African American businessmen launch first of five stores in the ‘hood
‘We want to control our own money’
By Chinta Strausberg
Following his dream, Harold Davis, president of the “79th Street Indoor Mall, 1706-08 East 79th Street, Chicago, Illinois, has opened one of several one-stop-shop stores located in the black community he says will give an economic boost, pride and jobs to African American neighborhoods and where you can also pay your bills and buy your Mother’s Day and gifts right in the ‘hood.
When you walk in the store, you’ll see a table of brand new shoes, that cost $60.00, and boots for $40.00, both made in Ethiopia. There is another table full of exotic female underwear, shelving full of household goods, clothing for men and women, an array of cell phones, cleaning items, Pampers, car products, body oil, drugstore items with more products on the way including a coffee shop complete with Wi-Fi service.

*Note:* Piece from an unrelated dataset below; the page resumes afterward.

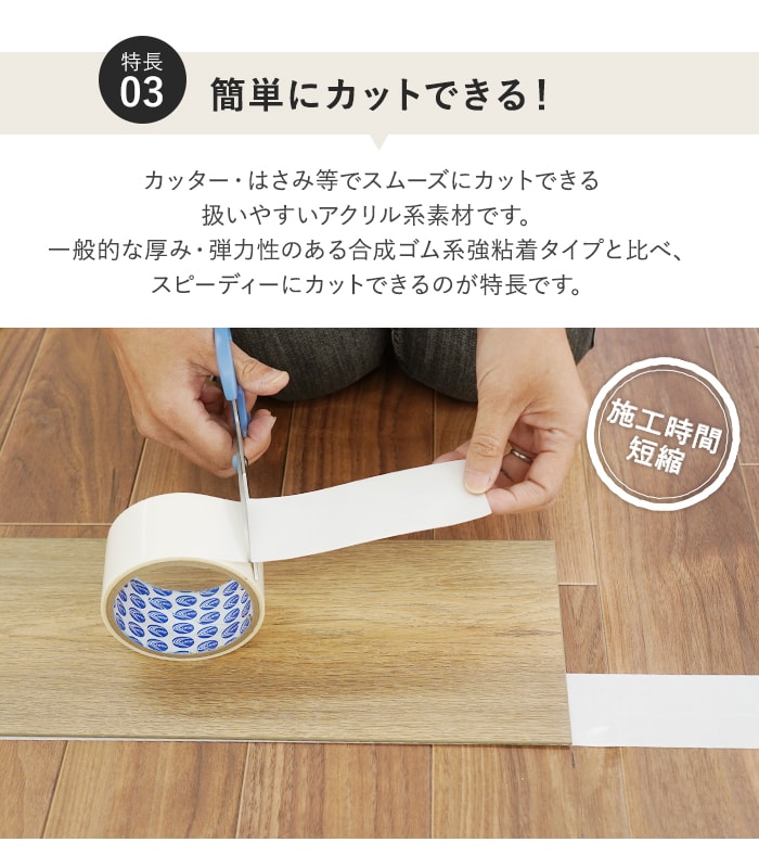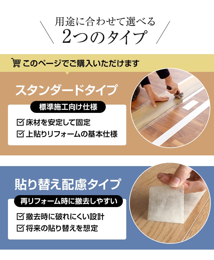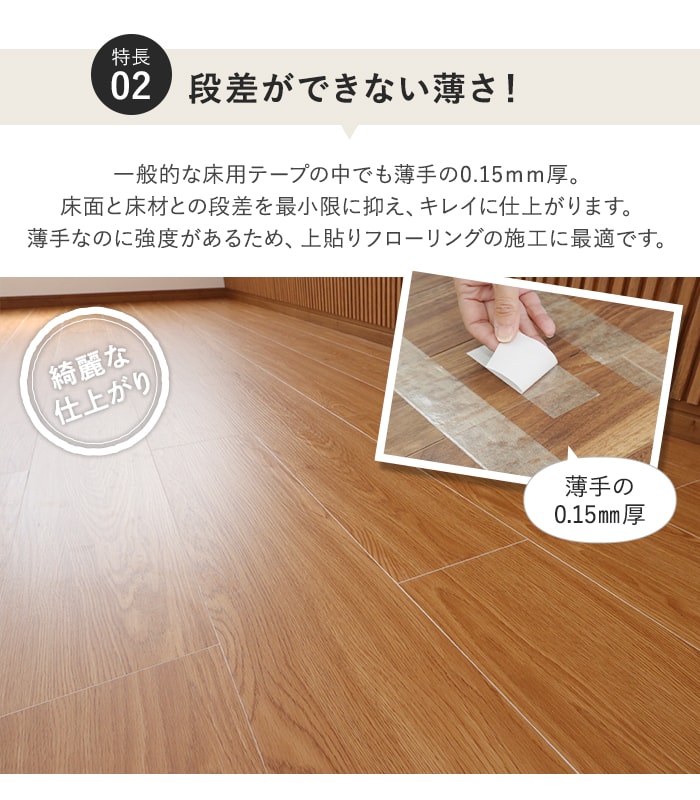 薄型フローリングの上貼り施工に最適な両面テープです。

“We are a Wi-Fi hot spot on 79th Street which means anybody can come here with their computer and hook up and work from the building” just like other popular coffee places, said Davis. “We want to be like the dollar store, but we have many more items.”
On the cell phones, Davis said he carries the brands of 15 different carriers. “You can pay your light bill, your phone bill and your cable bill and 500 other bills at this store.

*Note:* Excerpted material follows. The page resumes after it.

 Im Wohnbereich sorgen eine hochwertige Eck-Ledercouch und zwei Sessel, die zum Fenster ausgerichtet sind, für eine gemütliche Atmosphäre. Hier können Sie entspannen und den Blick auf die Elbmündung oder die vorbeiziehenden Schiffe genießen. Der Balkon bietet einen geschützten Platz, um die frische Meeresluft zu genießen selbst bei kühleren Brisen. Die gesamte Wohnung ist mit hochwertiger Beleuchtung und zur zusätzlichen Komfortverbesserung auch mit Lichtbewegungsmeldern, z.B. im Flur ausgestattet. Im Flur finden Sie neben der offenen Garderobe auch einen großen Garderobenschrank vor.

“We have computers coming in for kids to do their homework, but adults will have to pay for working on the computers,” said Davis.
Included under this one-stop-shop business concept are incubator spaces for those people who want to start up a business but can’t afford a store. “You can come in for $175.00 and share space with somebody, but if you want your own corner, that will cost $300 a month,” said Davis. “That gives you up to ten copies on the copy machine, access to a fax machine and free Wi-Fi. You don’t have to go out and pay $1300 a month to get visibility. It will be your office.”

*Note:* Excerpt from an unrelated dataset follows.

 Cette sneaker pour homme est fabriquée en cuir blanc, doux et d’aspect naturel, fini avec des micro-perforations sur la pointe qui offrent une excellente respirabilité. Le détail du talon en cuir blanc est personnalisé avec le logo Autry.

Davis is in partnership with several African American entrepreneurs including Al Perkins, the vice president, Herbert Hedgeman, Kublai Toure, and Mark Hines.
Al Perkins, who is one of several investors, said, “We intend to expand this one store into one of five or six stores in the black community. We are working on that now. It’s going to be a neighborhood store,” he said explaining that more products are on the way including the popular beauty products, stockings and other items.
When asked why is he one of the investors, Perkins said, “We need to control our economy. We bring millions of dollars into the community every week but it is taken out the same day,” he said referring to other ethnic businessmen and women who operate stores in the African American community and take with them the proceeds to areas where they live. “We don’t control any of that money,” Perkins said.
Some of the proud vendors are Rev. Willie McGee, who has a Wednesday 8 p.m. gospel show on WGBX and on Tuesday’s through Friday’s 2 p.m. to 4 p.m., Lonnie Lewis, an author and entrepreneur and Sembend Nathanyahu who is the lead vocalist for the Black Elegance vocal group he began in 1976 and the African Connection Discussion Club.
Former Water Reclamation District Comm. Patricia Horton said, “This is a product of what we’d like to see in our communities and in our neighborhoods—black businesses. I’d like to think of this as being a launching board of many more businesses to come. Some would think of it as being a community mega ball or an incubator for those launching off their businesses.”